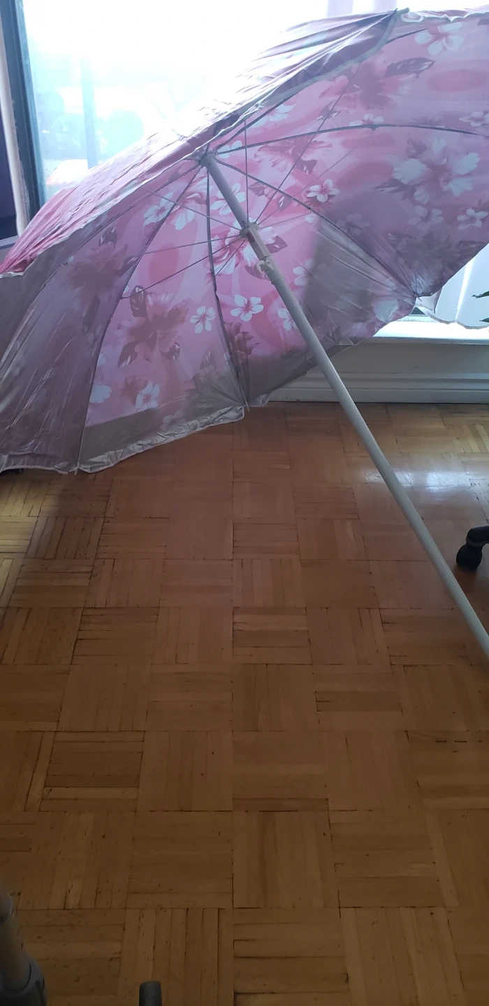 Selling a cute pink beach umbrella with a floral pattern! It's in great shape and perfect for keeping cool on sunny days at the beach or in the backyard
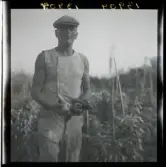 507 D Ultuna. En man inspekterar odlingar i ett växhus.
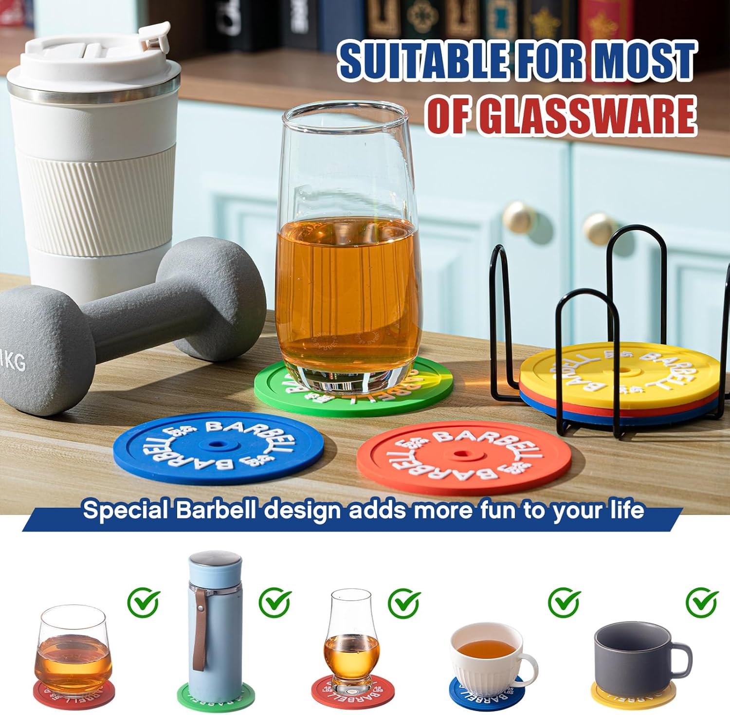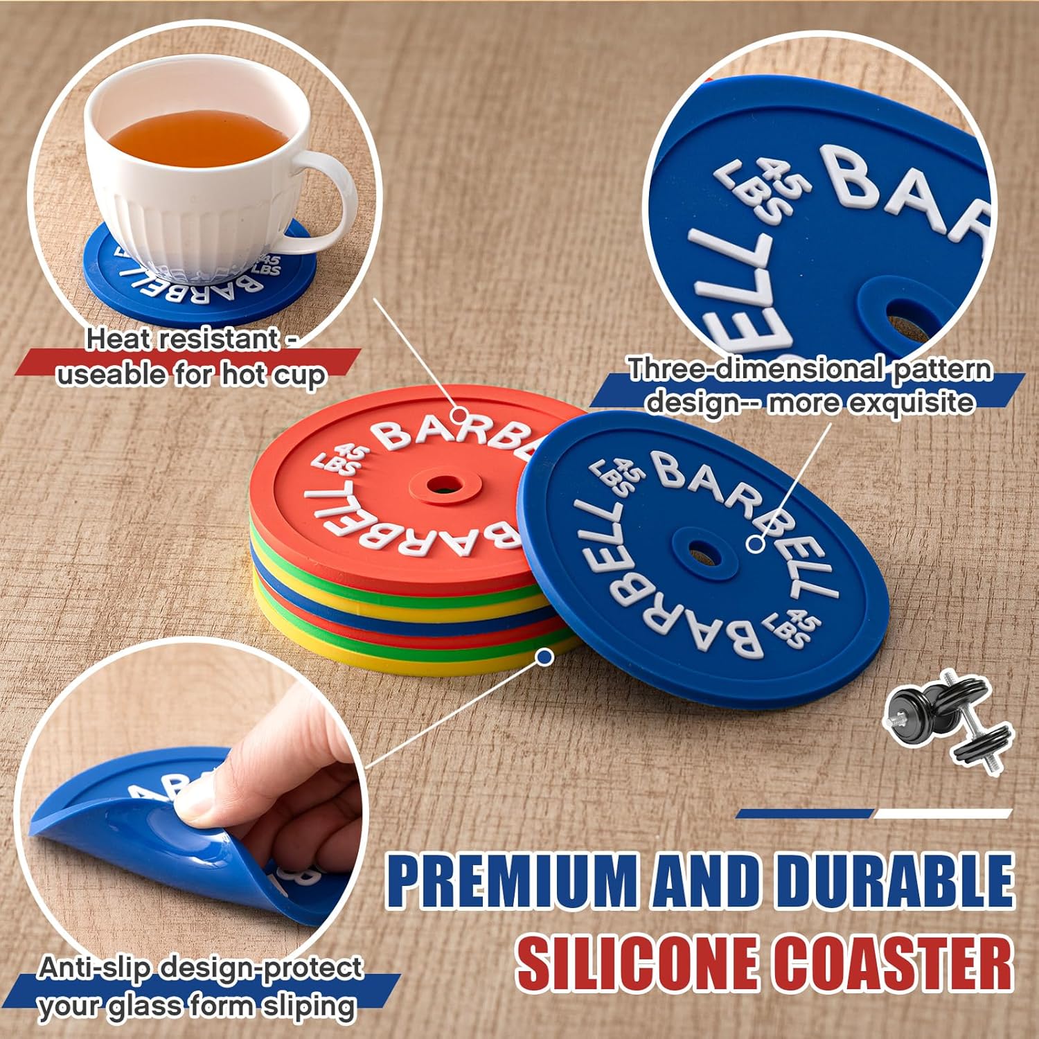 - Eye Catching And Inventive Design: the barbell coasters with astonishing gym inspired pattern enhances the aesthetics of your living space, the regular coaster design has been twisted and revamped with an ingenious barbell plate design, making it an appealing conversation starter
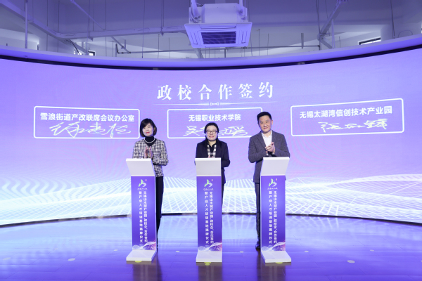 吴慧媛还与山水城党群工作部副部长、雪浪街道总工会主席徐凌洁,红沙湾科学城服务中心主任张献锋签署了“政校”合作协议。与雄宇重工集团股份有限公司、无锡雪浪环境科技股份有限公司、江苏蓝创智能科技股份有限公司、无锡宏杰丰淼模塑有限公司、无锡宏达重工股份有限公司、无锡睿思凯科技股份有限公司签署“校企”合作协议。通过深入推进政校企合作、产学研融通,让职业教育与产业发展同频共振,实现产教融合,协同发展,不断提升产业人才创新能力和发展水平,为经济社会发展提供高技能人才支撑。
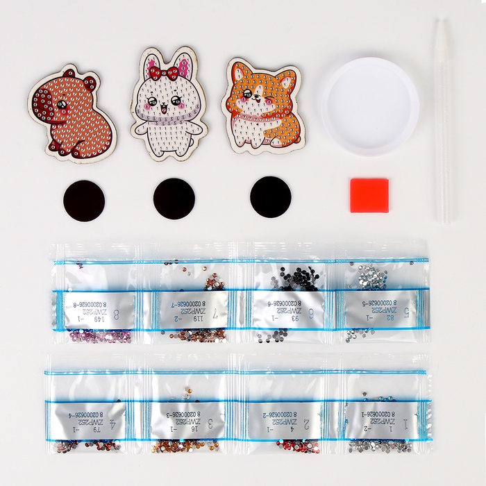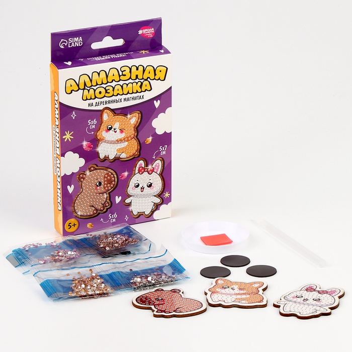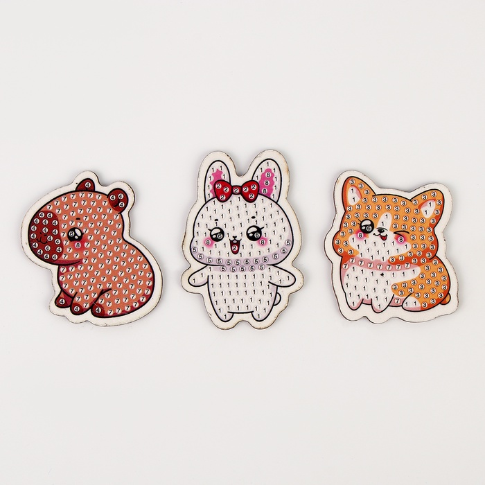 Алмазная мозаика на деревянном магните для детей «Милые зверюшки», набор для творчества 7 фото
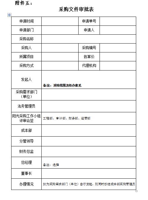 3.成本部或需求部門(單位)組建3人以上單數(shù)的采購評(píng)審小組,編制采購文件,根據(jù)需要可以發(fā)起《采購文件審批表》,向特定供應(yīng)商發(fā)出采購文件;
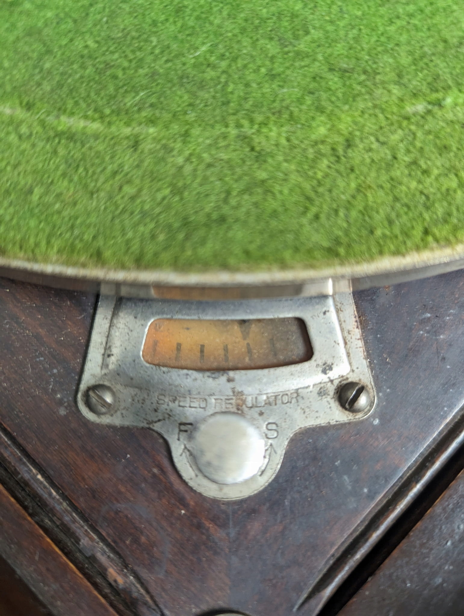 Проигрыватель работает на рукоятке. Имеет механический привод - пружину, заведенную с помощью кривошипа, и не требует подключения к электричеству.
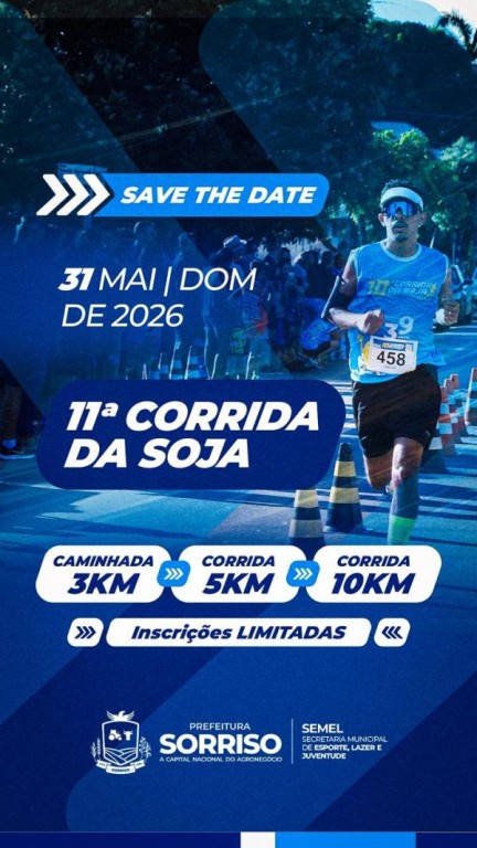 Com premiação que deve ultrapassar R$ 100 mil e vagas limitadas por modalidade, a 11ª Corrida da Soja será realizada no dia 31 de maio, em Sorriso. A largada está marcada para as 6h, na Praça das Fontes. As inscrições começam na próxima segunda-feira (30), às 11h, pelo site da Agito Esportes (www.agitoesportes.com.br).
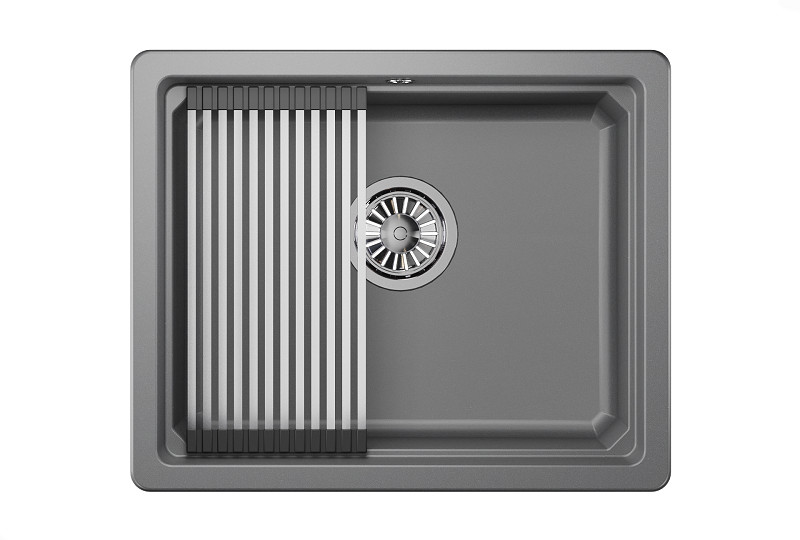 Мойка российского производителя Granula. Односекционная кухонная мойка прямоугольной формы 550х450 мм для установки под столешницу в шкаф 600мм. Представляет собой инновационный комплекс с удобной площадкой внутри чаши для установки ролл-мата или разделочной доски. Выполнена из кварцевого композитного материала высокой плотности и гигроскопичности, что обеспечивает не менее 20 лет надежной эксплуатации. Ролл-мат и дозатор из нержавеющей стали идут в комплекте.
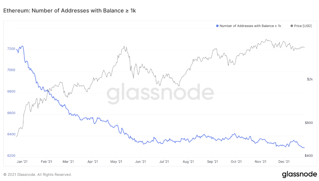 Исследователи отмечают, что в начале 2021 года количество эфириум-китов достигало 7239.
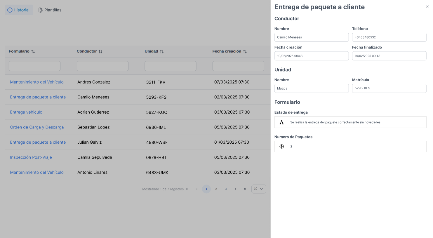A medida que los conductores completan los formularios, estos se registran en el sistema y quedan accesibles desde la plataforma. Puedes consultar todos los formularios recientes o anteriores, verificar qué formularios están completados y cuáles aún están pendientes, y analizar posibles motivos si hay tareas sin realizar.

_Task instructions_. If a picture sits between the line containing "507 D Ultuna." and the line containing "- Eye Catching", leave it out, and return the lines of that range above exactly, both ends included.

_Response for this exercise_.
 507 D Ultuna. En man inspekterar odlingar i ett växhus.
 - Eye Catching And Inventive Design: the barbell coasters with astonishing gym inspired pattern enhances the aesthetics of your living space, the regular coaster design has been twisted and revamped with an ingenious barbell plate design, making it an appealing conversation starter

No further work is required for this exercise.